In this way, also other possible designs of mounting devices 10 will enable a deployment of an increased number of tidal turbines . Electricity generated by the tidal turbines may initially be supplied to end users via marine power lines . Energy storage on the floating platform at sea and distribution to the local island grid may easily be implemented with the electricity generation system 100 . An operation of the electricity generation system 100 may be performed at least partially or fully autonomous and its performance may be remotely monitored on the mainland, e . g . , via web-based tools . An end user receives thus a plug-and-play electric energy station at sea which provides a complete solution for clean marine energy generation, storage , and distribution .

Fig . 2 shows a top view of the electricity generation system 100 with another removable mounting option of the electricity generation devices 20 , 20 ' at the mounting device 10 built as a floating body . One realizes that the electricity generation devices 20 , 20 ' ( shown with dotted lines ) may be attached to openings 12 , 12 ' in the bottom of the floating body . In this way, numerous electricity generation devices 20 may removably be fixed to the floating body and may comfortably be submerged into and lifted out from the water, for example for the purposes of servicing, exchange , repair, etc .

Fig . 3 shows an embodiment of an electricity generation device 20 in more detail in an exploded view and highlights a sealed casing of the generator 24 . Wake dynamics is closely linked to a design of a tail section 20b of the electricity generation device 20 . A design of the improved tidal turbine design does not depend solely on the efficiency of a single tidal turbine but also on an interaction between several tidal turbines during operation .

An amount of electrical energy available for each tidal turbine strongly depends on energy fluxes from the flow passing the tidal turbine and the fluxes are affected by the flow topology in the turbines ' wakes . The tail section 20b is preferably designed keeping those aspects in mind to strive a smaller wake zone with less unsteady vortex shedding . The electricity generation device 20 comprises a mounting member 25a and two eye hooks ( not shown) by means of which the electricity generation device 20 may be lifted to a transport means ( e . g . , truck, ship, airplane , etc . ) .

Fiberglass or fibre reinforced plastics may preferably be used as a choice of material of the nose and tail cones , preferably at least of the front section 20a and the tail section 20b of the electricity generation device 20 .

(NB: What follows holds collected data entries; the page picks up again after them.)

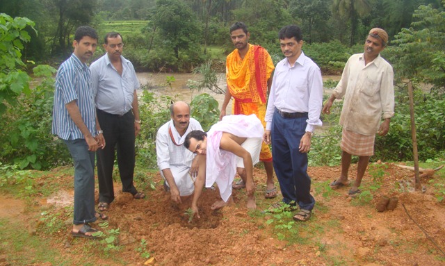Veda Murthy Harish Bhat,priest( Archaka) Kamalashile shree Durgaparameshwari temple has inaugurated the Bilva revolution by planting Bilva saplings.
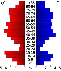Auf das gesamte County bezogen setzte sich die Bevölkerung zusammen aus 21,4 Prozent Einwohnern unter 18 Jahren, 3,8 Prozent zwischen 18 und 24 Jahren, 19,9 Prozent zwischen 25 und 44 Jahren, 28,3 Prozent zwischen 45 und 64 Jahren und 26,6 Prozent waren 65 Jahre alt oder darüber. Das Durchschnittsalter betrug 48 Jahre. Auf 100 weibliche Personen kamen 105,8 männliche Personen. Auf 100 Frauen im Alter von 18 Jahren oder darüber kamen statistisch 104,3 Männer.
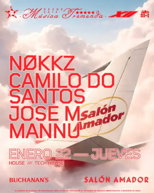 Nokkz y Camilo Do Santos marcan el pulso desde temprano, Jose M sube la intensidad con un set más directo y Mannu se encarga del cierre con ritmo firme y pista encendida hasta el final.
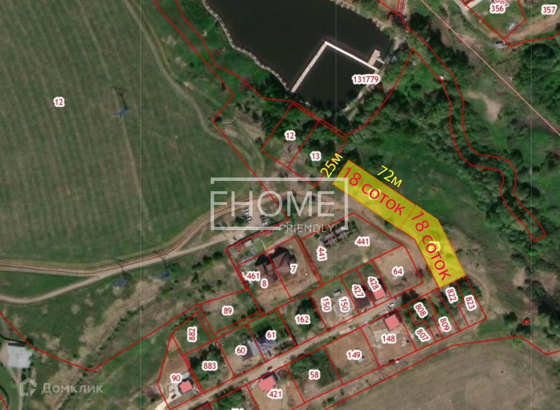 Участок вытянут вдоль дороги, состоит из двух кадастровых, размеры каждого 72х25 метров, что позволяет оптимально разместить на нем несколько домов.
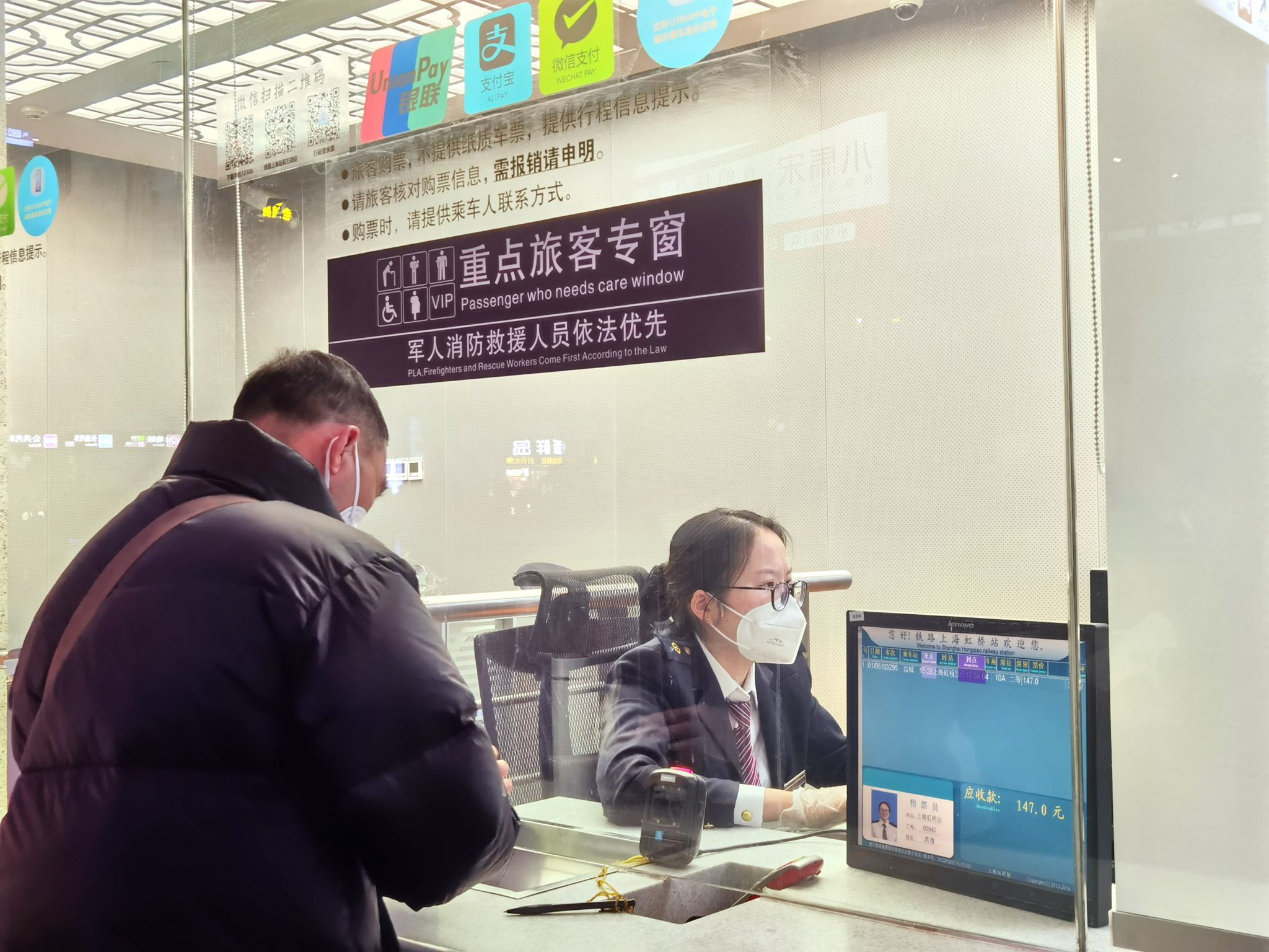 春运期间,铁路上海站开展“从心遇‘尚’你”春运服务行动,提升旅客出行体验。
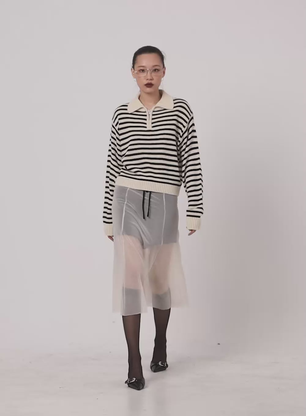 The puffer jacket, styled with ski goggles and chunky sneakers, effortlessly balances functionality and edge. Its clean lines and monochromatic palette create a Y3K look that’s perfect for winter activities or insta-worthy photos. This ensemble encapsulates the collection’s focus on merging comfort with cutting-edge picks.
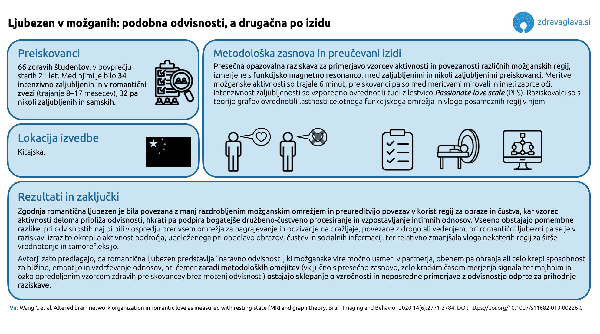 Romantična ljubezen je intenzivno čustveno stanje, ki močno vpliva na pozornost, vedenje, motivacijo in razporejanje kognitivnih virov. Zaljubljeni posamezniki imajo pogosto slabši nadzor pri izvajanju klasičnih nevropsiholoških nalog, hkrati pa boljše sposobnosti “branja” oziroma razumevanja drugih ljudi in socialnega razmišljanja. V eksperimentalnih raziskavah, kjer so udeležencem med slikanjem možganov (s fMRI) prikazovali fotografije ali imena njihovih partnerjev, so opazili izrazito aktivacijo centrov za nagrajevanje, kar je nekatere avtorje spodbudilo k primerjavi romantične ljubezni z odvisnostjo. Ni pa bilo jasno, ali je pri zaljubljenih drugače organizirano tudi možgansko omrežje. Avtorji povzete raziskave so zato želeli opisati, kako je romantična ljubezen povezana s funkcijskimi značilnostmi celotnega omrežja možganov ter s strukturo posameznih vozlišč.
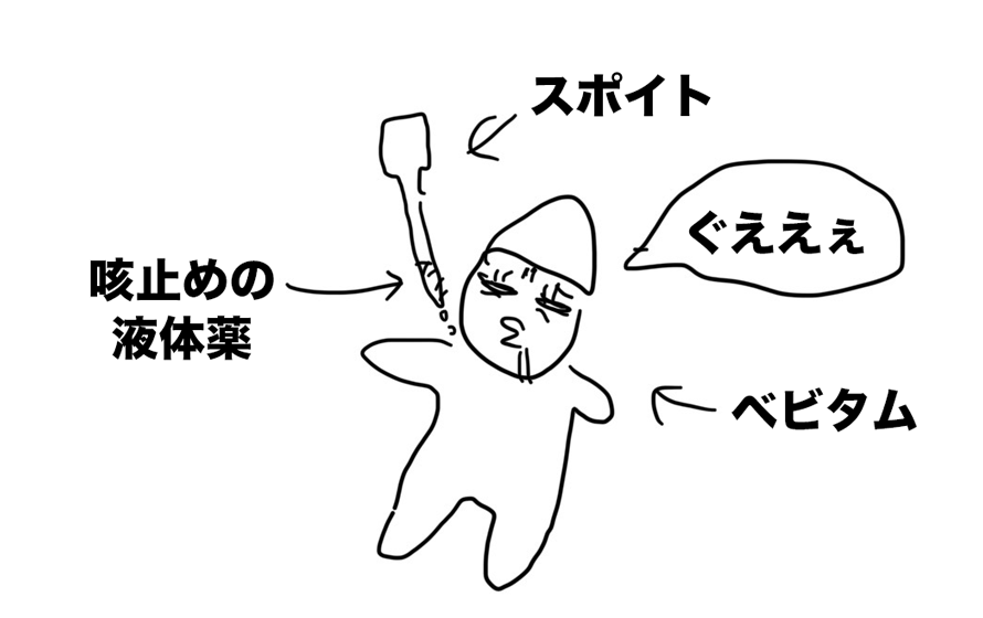 薬剤師さんからは「お薬を哺乳瓶の乳首であげると、ミルクが嫌いになるかもしれないのでスポイトであげてください」と言われたので、さっそく咳止めの液体をベビタムにスポイトであげてみよう。
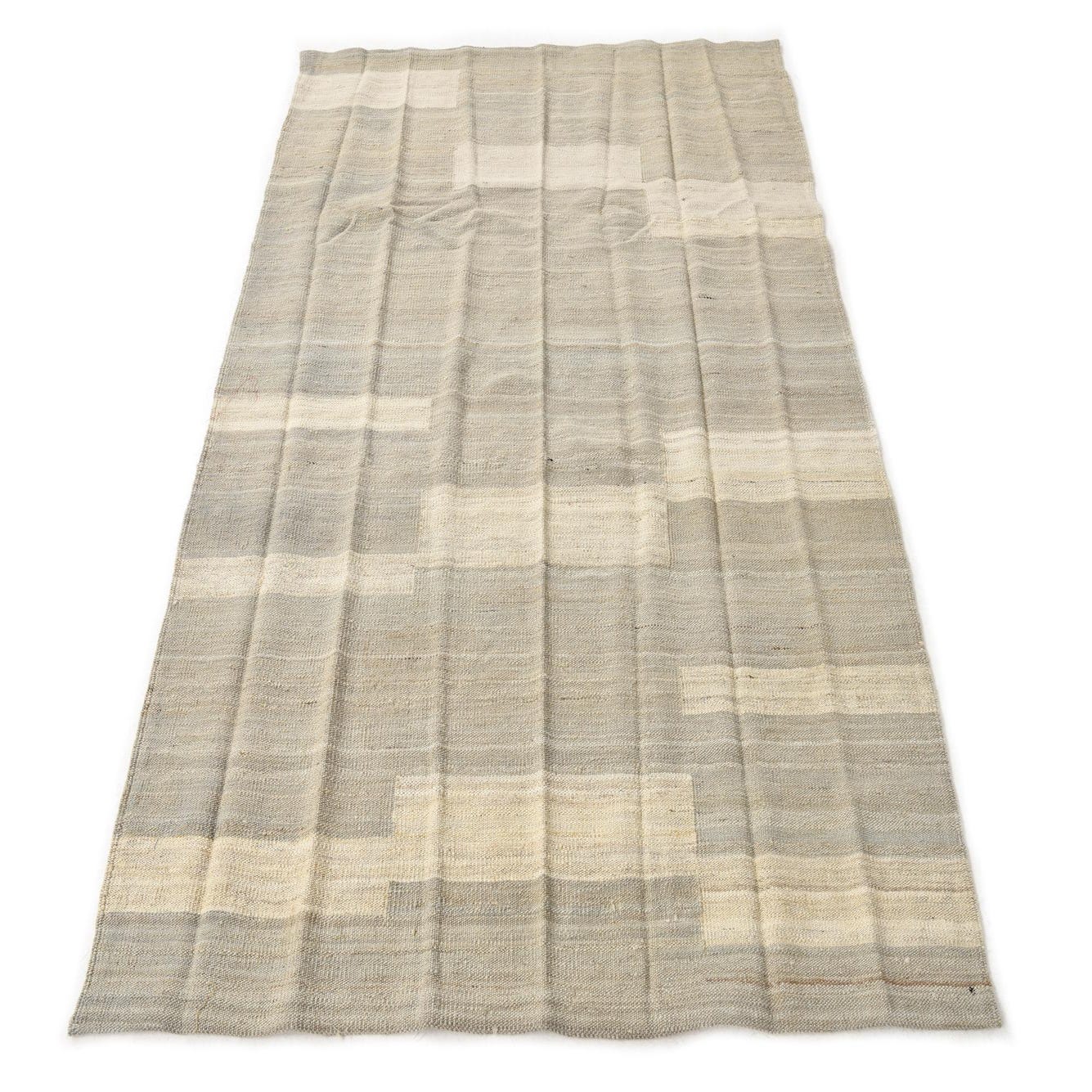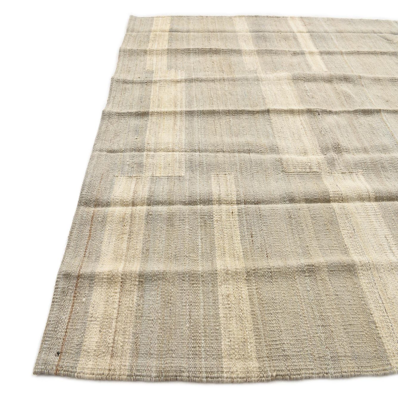 The Kilim Modern collection presents a sophisticated 4x6 hand-woven rug crafted from 100% wool, offering a harmonious blend of beige and ivory colors. It showcases an understated checkered pattern that provides a sense of texture and dimension without overwhelming the space it occupies. The weave itself adds to the visual interest, giving the rug a beautiful tactile quality.
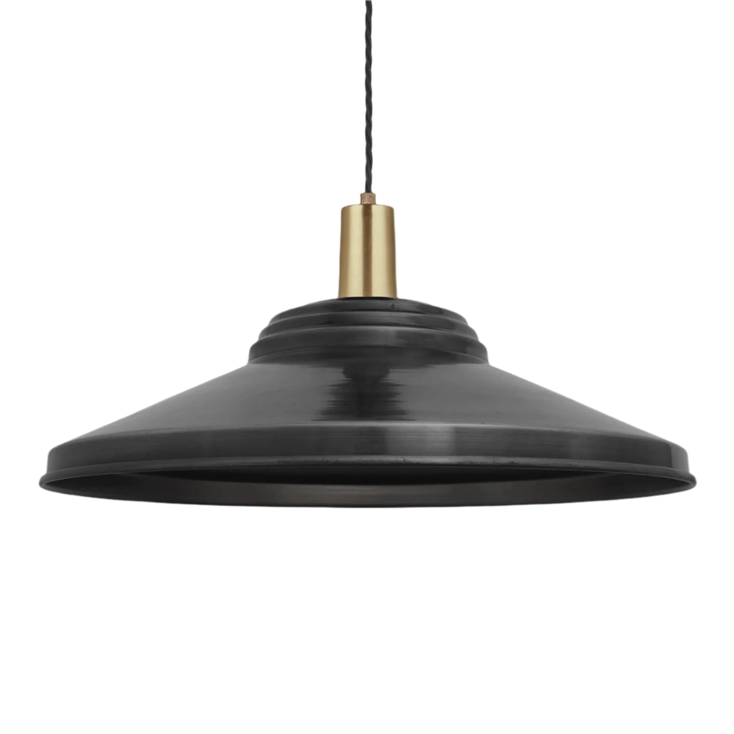 Our Sleek Step 18 Inch Pendant is also available in Brass. The beautiful Light is available in a slightly smaller variation of 16 Inch Pendant in Brass, Pewter and Light Pewter and can be used together for the ultimate Lighting combination, also with a 1 M Black Twisted Fabric Flex. Perfect for any space while providing that modern industrial look.
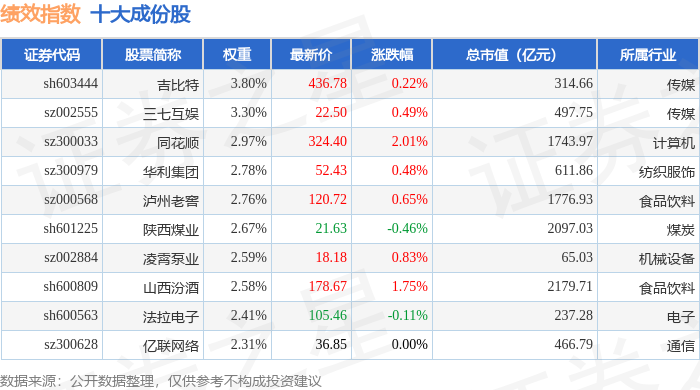 资金流向方面,绩效指数(399398)成份股当日主力资金净流出合计12.11亿元,游资资金净流入合计1.53亿元,散户资金净流入合计10.58亿元。成份股资金流向详情见下表:

Said preferred materials are low-maintenance and can comprise optionally a marine coating as a base coating ( not shown ) and a gel-coating on the surface ( not shown) , in this way supporting a long service life . Regular cleaning such as washing off bio fouling and reapplying the gel-coating may help to maintain efficiency of flow of water and to drag forces to the blades 21a...21n .

For a blade design, a key consideration includes a variation in a turning angle along blade length . At the blade root , the radial velocity is lower and thus requires larger turning angle . At the tip of the blades 21a...21n radial velocity and also turning angle are at its maximum. This is to avoid any occurrence of mixing flow along the blade length to maximize the harnessing of energy available from incoming tides . The blades 21a...21n are preferably designed to capture tides in both flow directions A, B . In other words , the blades 21a...21n are sensitive in a "bi-directional" way .

The blades 21a...21n of the improved tidal turbine may be manufactured using preferably one of the following materials : - Aluminium Alloy, which is tried and tested for turbine blades (wind turbines and hydro )

- Carbon fibre , which is the normal choice for wind turbines but is rather costly

- Glass Reinforced plastics (GRP )

Cheaper and/or other alternative materials to the above-mentioned materials are also possible .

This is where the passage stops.